Key takeaways:
- Evidence supports the use of LLLT as a step 2 or 3 therapy for MGD-driven dry eye disease.
- Intense pulsed light appears to have a synergistic effect with LLLT.
Meibomian gland dysfunction is responsible for the majority of dry eye disease cases in clinical practice, yet a substantial proportion of patients achieve only partial and transient relief from conventional first-line therapies.
Warm compresses, lid hygiene, omega-3 supplementation, and topical anti-inflammatory agents remain foundational, but they do not fully address the underlying cellular and glandular pathology driving the disease.

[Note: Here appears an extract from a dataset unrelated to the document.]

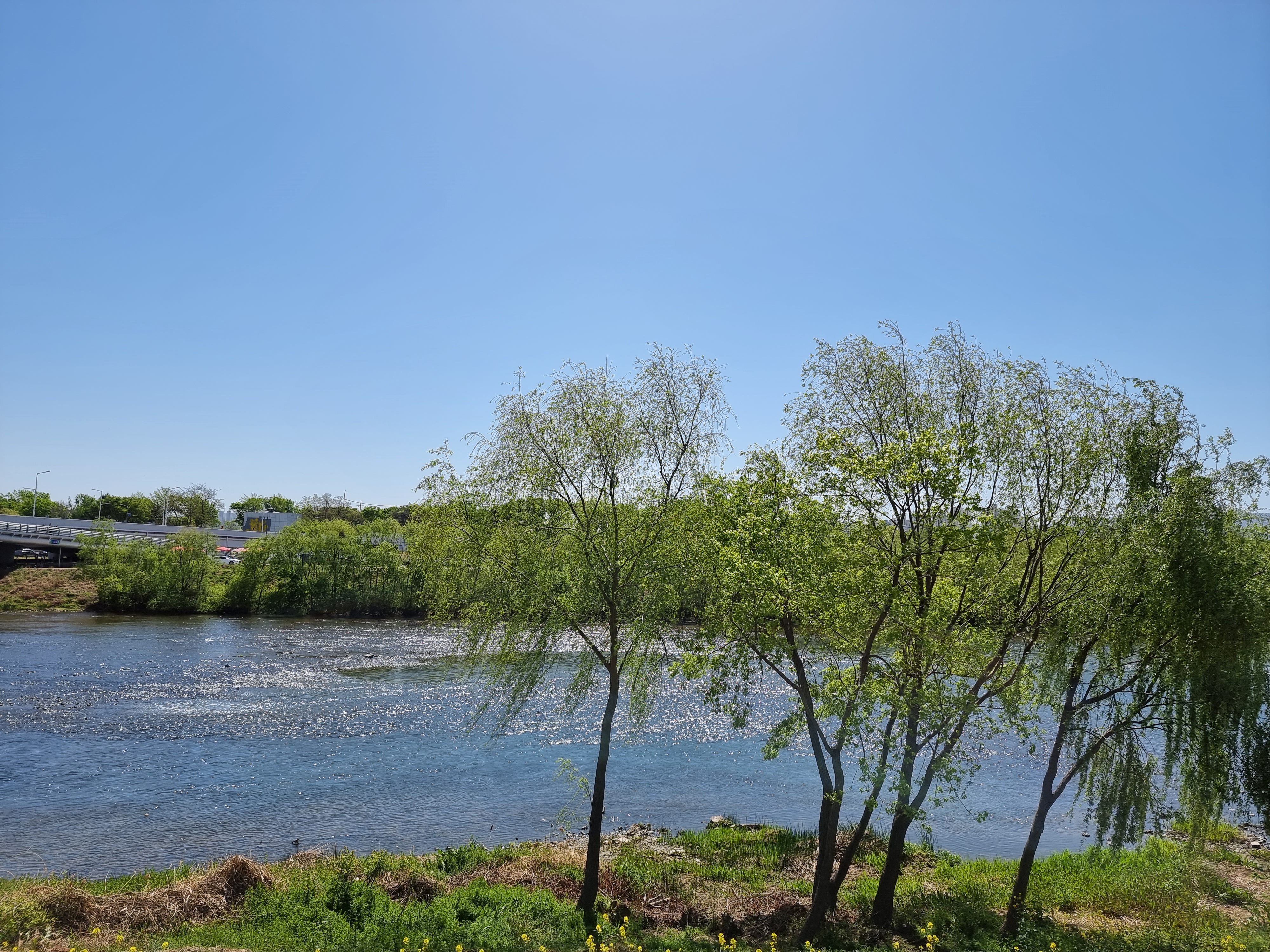 한쪽은 강가와 자전거도로.
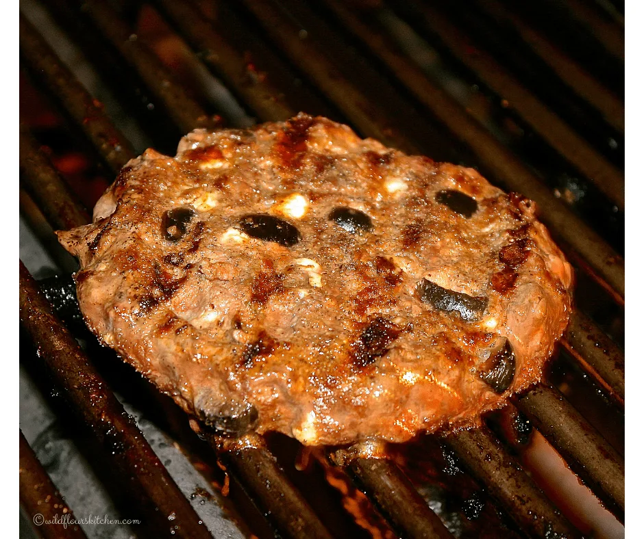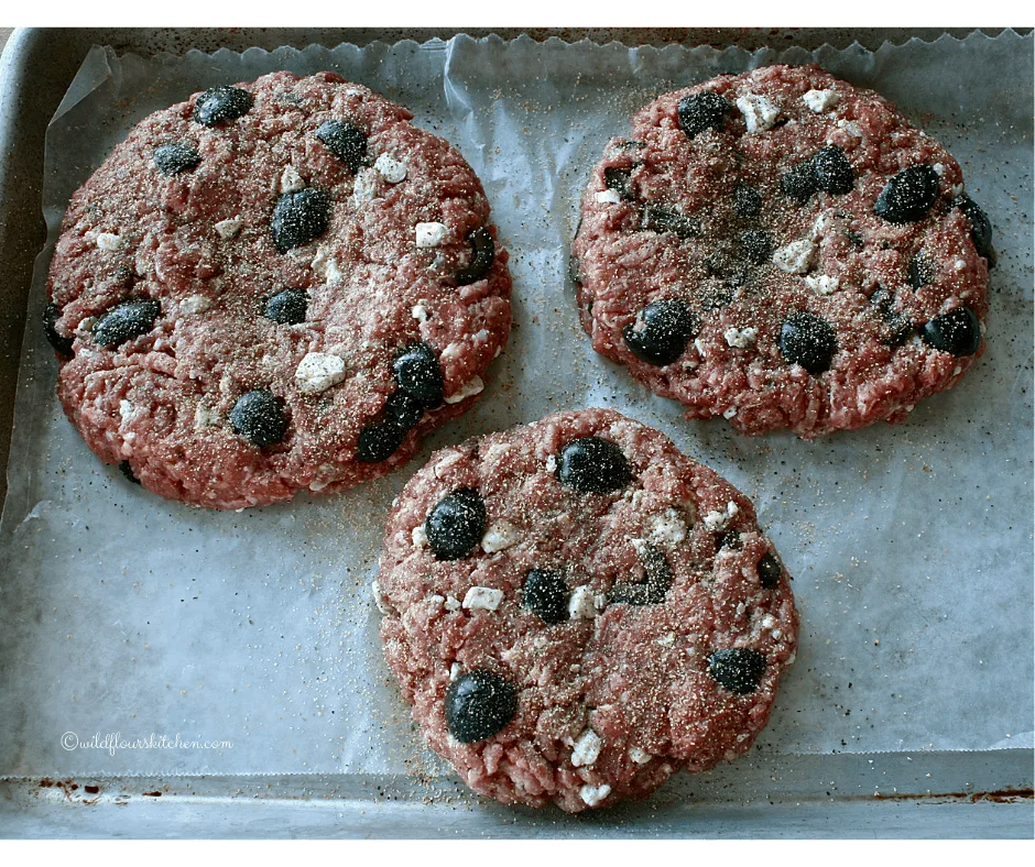 Since sambuca and ouzo, are from Italy and Greece respectfully, I decided, (of course), to go the Mediterranean route, and added feta cheese, ripe olives, and a little oregano right into the burger meat!

Low-level light therapy (LLLT), a form of photobiomodulation, has emerged as a mechanism-directed, non-pharmacologic modality with a growing evidence base supporting its role in the management of MGD-related dry eye disease (Antwi et al., Chen et al., Chiang et al., de Freitas et al.).
How LLLT works
Photobiomodulation operates through the absorption of low-power red or near-infrared light — typically in the 600 to 1,100 nm wavelength range — by mitochondrial chromophores in target tissues (de Freitas et al.). The primary photoacceptor is cytochrome c oxidase (CCO), the terminal enzyme of the mitochondrial electron transport chain. Under conditions of cellular stress or chronic inflammation, excess nitric oxide competitively inhibits CCO, suppressing electron transport and reducing adenosine triphosphate (ATP) production. LLLT photodissociates this inhibitory nitric oxide from CCO, restoring electron transport chain activity, increasing mitochondrial membrane potential, and upregulating ATP synthesis throughout the cell.